Я шагал рядом с Линггом, молчание становилось зловещим.
— Проклятье! — в отчаянии произнес я. — Что же делать?
— Ничего, — прозвучало в ответ. — Время еще не пришло. Я смотрел на него во все глаза, и сердце громко колотилось у меня в груди.
— Еще не пришло, — повторил я. — О чем вы? Он внимательно поглядел на меня.
— Ни о чем. Давайте поговорим о другом. Вы видели Парсонса?
— Нет, — ответил я, — не видел. Но скажите мне. Парсонс и остальные уверены, что богатство стало синонимом грабежа, и они отвергают богатых как грабителей. Вы с ними согласны?
— Небольшое благополучие, — сказал он, повернувшись ко мне, — может быть нажито честным путем, богатство же всегда результат жадности, а не показатель недюжинного ума. Если человек по-настоящему умен, ему нужно еще много чего, помимо денег, даже больше, чем денег, разве не так? А богачи, которых я знаю, хитрые и мелочные, только и всего. Никто, кроме удачливого изобретателя, еще не сделал миллион долларов честным путем.

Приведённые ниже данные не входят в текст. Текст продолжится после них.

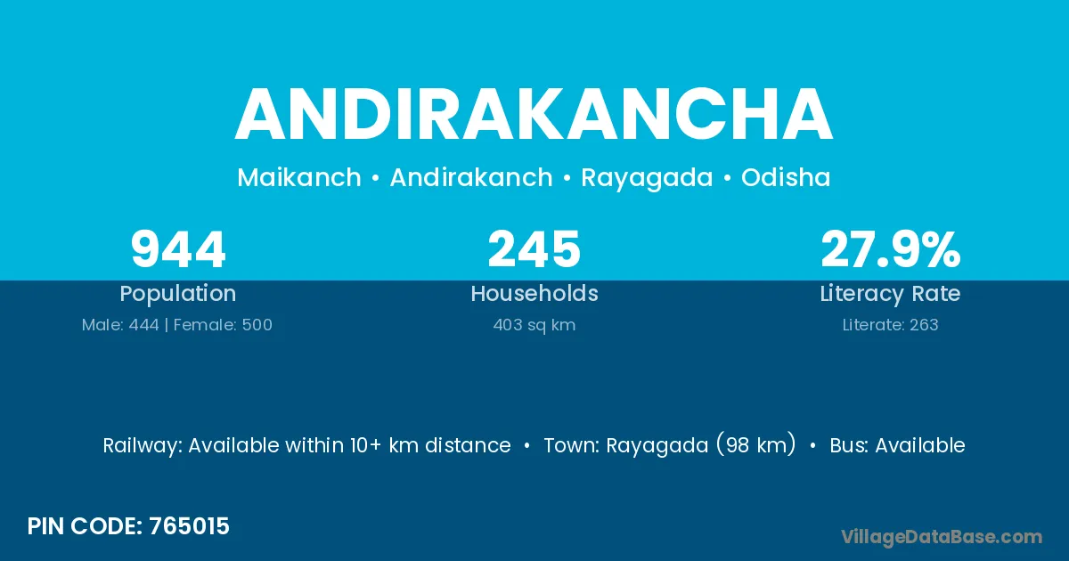 Rayagada (98 km) is the nearest town to Andirakancha village for major economic activities and is located approximately 98 km away.

— Но почему же мы так страдаем? Неужели нельзя побороть нищету?
— В общем, можно. Германия намного богаче и счастливее Америки.
— Это правда! — воскликнул я. — Но почему?
— Наибольший недостаток здешней цивилизации, — сказал Лингг, — заключается в том, что она недостаточно сложная. Перед всеми один приз — богатство. А ведь многие хотят не богатства, а спокойной жизни без страха за завтрашний день. Мы хотим получать столько же денег, сколько наемные служащие в государственном секторе. Это избавит нас от конкуренции и повысит заработки тех, кто остается в сфере конкуренции. Некоторые из нас рождены, чтобы всю жизнь учиться, поэтому на всех улицах должны быть химические лаборатории, во всех городах — физические лаборатории с вакансиями и небольшим жалованием для людей, которые не мыслят своей жизни без науки, должны быть студии для художников, должны быть театры с государственными дотациями. Жизнь, стоит ее сделать сложнее, становится богаче. Но если не оставить что-то государству, а передать все в частное пользование, мы вовлечем всех людей в сумасшедшую гонку за богатством; никогда не избавимся от страданий, нищеты, недовольства, болезней. Мозг и сердце имеют свои права, нельзя же угождать только животу. Так мы и цветы превратим в удобрение.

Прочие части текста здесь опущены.